WHAT YOU WILL DO
Copy the listing that follows exactly. Its pictures do not belong in the copy.

DATA TO USE
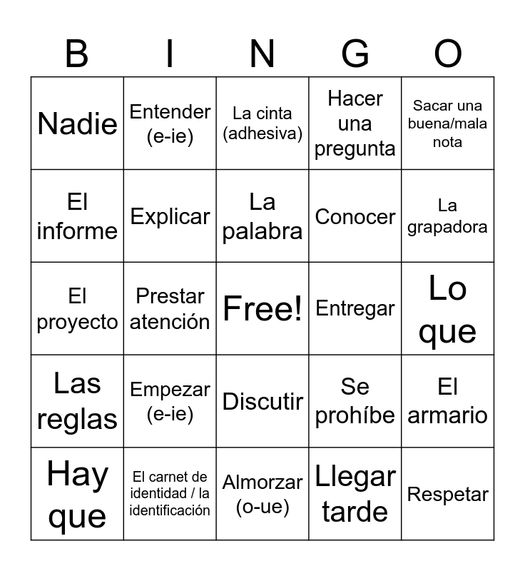 This bingo card has a free space and 35 words: Aprender de memoria, Contestar, Dar un discurso, Explicar, Discutir, Hacer una pregunta, El informe, El labatorio, La palabra, Pedir ayuda, El proyecto, Sacar una buena/mala nota, A tiempo, Algunos/as, Nadie, Entregar, Llegar tarde, Prestar atención, Las reglas, Respetar, Se prohíbe, Hay que, El armario, El carnet de identidad / la identificación, La cinta (adhesiva), La grapadora, Los materiales, Las tijeras, Conocer, Lo que, Sobre, Almorzar (o-ue), Empezar (e-ie), Entender (e-ie) and Repetir (e-i).
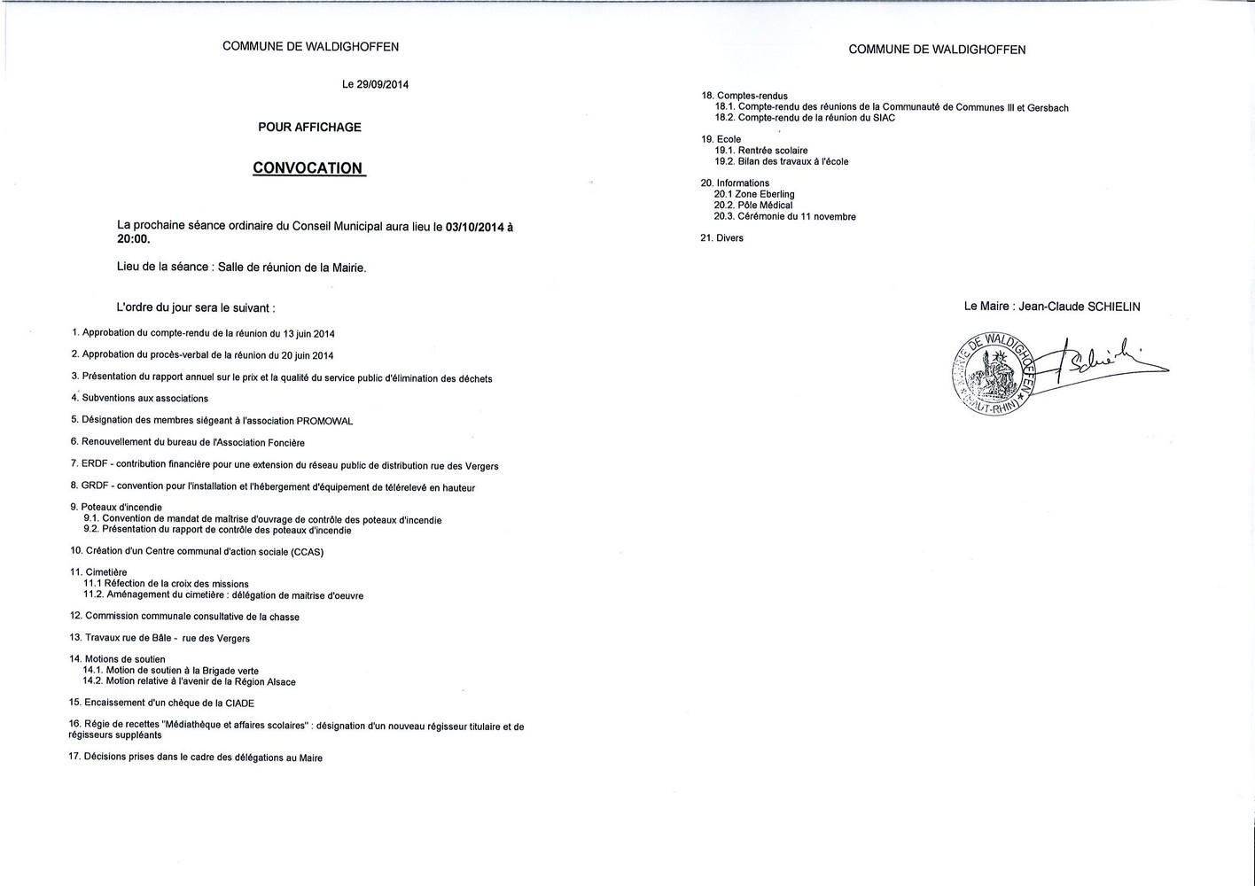 Vous êtes ici : Accueil Mairie Affichage public Annexes affichage public 2014 Convocation du Conseil Municipal le vendredi 03 octobre 2014
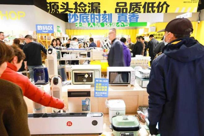 上午9点半,商场一开门,就有不少市民前来探店。亮黄的门头、琳琅满目的闲置好物吸引着人们“买买买买买”。
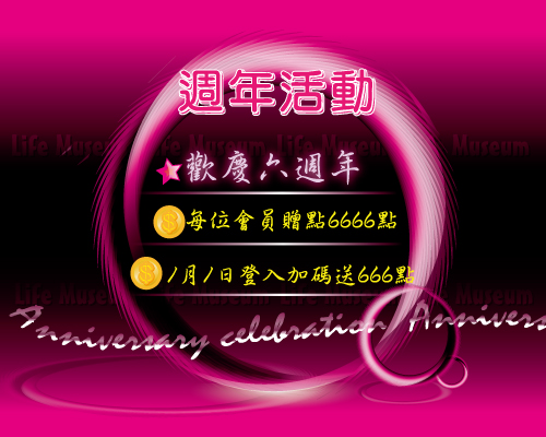2.於當天時間內,成功登入『生命博物館』網站,即加碼贈送元寶666,每位會員限領取一次。
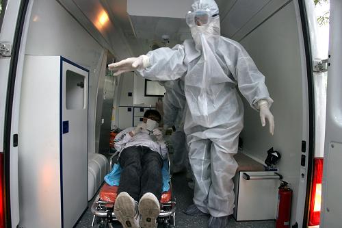 5月13日,山西省運城市舉行防控甲型H1N1流感應急演練,通過發(fā)熱門診對“疑似患者”接診、專家會診、流行病學調查、救治處理、消毒以及應急隔離等環(huán)節(jié)處置,以提高運城市各部門對突發(fā)公共衛(wèi)生事件的應急處置效率和醫(yī)療衛(wèi)生人員的實戰(zhàn)能力。新華社發(fā)(薛俊 攝)
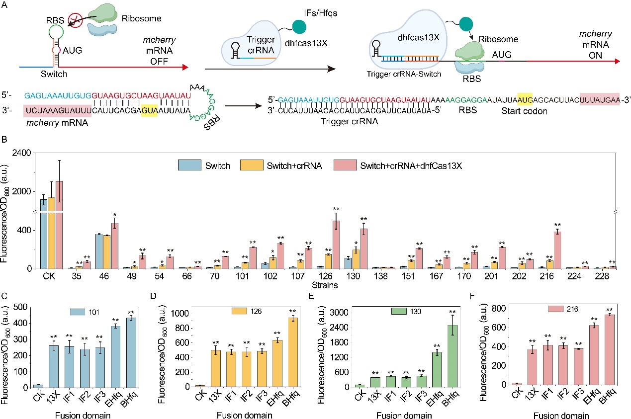 其次,将dhfCas13X与翻译起始因子IFs或RNA结合蛋白Hfq融合,构建了可激活基因翻译的DiCRISPRa (Degradation-inhibited CRISPRa)系统,其中,crRNA能够靶向核酸酶识别位点,阻止mRNA的降解,从而激活下游基因的表达(图4)。为进一步增加激活效果,设计构建了TsCRISPRa (Translation-started CRISPRa)系统,在Trigger crRNA的引导下,dhfCas13X-hfq能够打开靶标mRNA 5’-UTR处的Switch结构,激活mRNA的翻译,激活效果达43.2倍(图5)。最后,将构建的CRISPRi/a系统应用于2’-岩藻糖基乳糖(2’-FL)和核黄素代谢网络的全局调控,使它们的产量分别提高1.2倍和3.0倍(图6)。相关研究为翻译水平的基因表达调控提供了新工具,也为CRISPRa系统的构建提供了新思路。
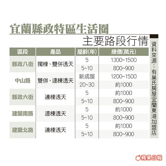 資料來源:有巢氏房屋宜蘭東港加盟店

EXERCISE RESPONSE
 This bingo card has a free space and 35 words: Aprender de memoria, Contestar, Dar un discurso, Explicar, Discutir, Hacer una pregunta, El informe, El labatorio, La palabra, Pedir ayuda, El proyecto, Sacar una buena/mala nota, A tiempo, Algunos/as, Nadie, Entregar, Llegar tarde, Prestar atención, Las reglas, Respetar, Se prohíbe, Hay que, El armario, El carnet de identidad / la identificación, La cinta (adhesiva), La grapadora, Los materiales, Las tijeras, Conocer, Lo que, Sobre, Almorzar (o-ue), Empezar (e-ie), Entender (e-ie) and Repetir (e-i).
 Vous êtes ici : Accueil Mairie Affichage public Annexes affichage public 2014 Convocation du Conseil Municipal le vendredi 03 octobre 2014
 上午9点半,商场一开门,就有不少市民前来探店。亮黄的门头、琳琅满目的闲置好物吸引着人们“买买买买买”。
2.於當天時間內,成功登入『生命博物館』網站,即加碼贈送元寶666,每位會員限領取一次。
 5月13日,山西省運城市舉行防控甲型H1N1流感應急演練,通過發(fā)熱門診對“疑似患者”接診、專家會診、流行病學調查、救治處理、消毒以及應急隔離等環(huán)節(jié)處置,以提高運城市各部門對突發(fā)公共衛(wèi)生事件的應急處置效率和醫(yī)療衛(wèi)生人員的實戰(zhàn)能力。新華社發(fā)(薛俊 攝)
 其次,将dhfCas13X与翻译起始因子IFs或RNA结合蛋白Hfq融合,构建了可激活基因翻译的DiCRISPRa (Degradation-inhibited CRISPRa)系统,其中,crRNA能够靶向核酸酶识别位点,阻止mRNA的降解,从而激活下游基因的表达(图4)。为进一步增加激活效果,设计构建了TsCRISPRa (Translation-started CRISPRa)系统,在Trigger crRNA的引导下,dhfCas13X-hfq能够打开靶标mRNA 5’-UTR处的Switch结构,激活mRNA的翻译,激活效果达43.2倍(图5)。最后,将构建的CRISPRi/a系统应用于2’-岩藻糖基乳糖(2’-FL)和核黄素代谢网络的全局调控,使它们的产量分别提高1.2倍和3.0倍(图6)。相关研究为翻译水平的基因表达调控提供了新工具,也为CRISPRa系统的构建提供了新思路。
 資料來源:有巢氏房屋宜蘭東港加盟店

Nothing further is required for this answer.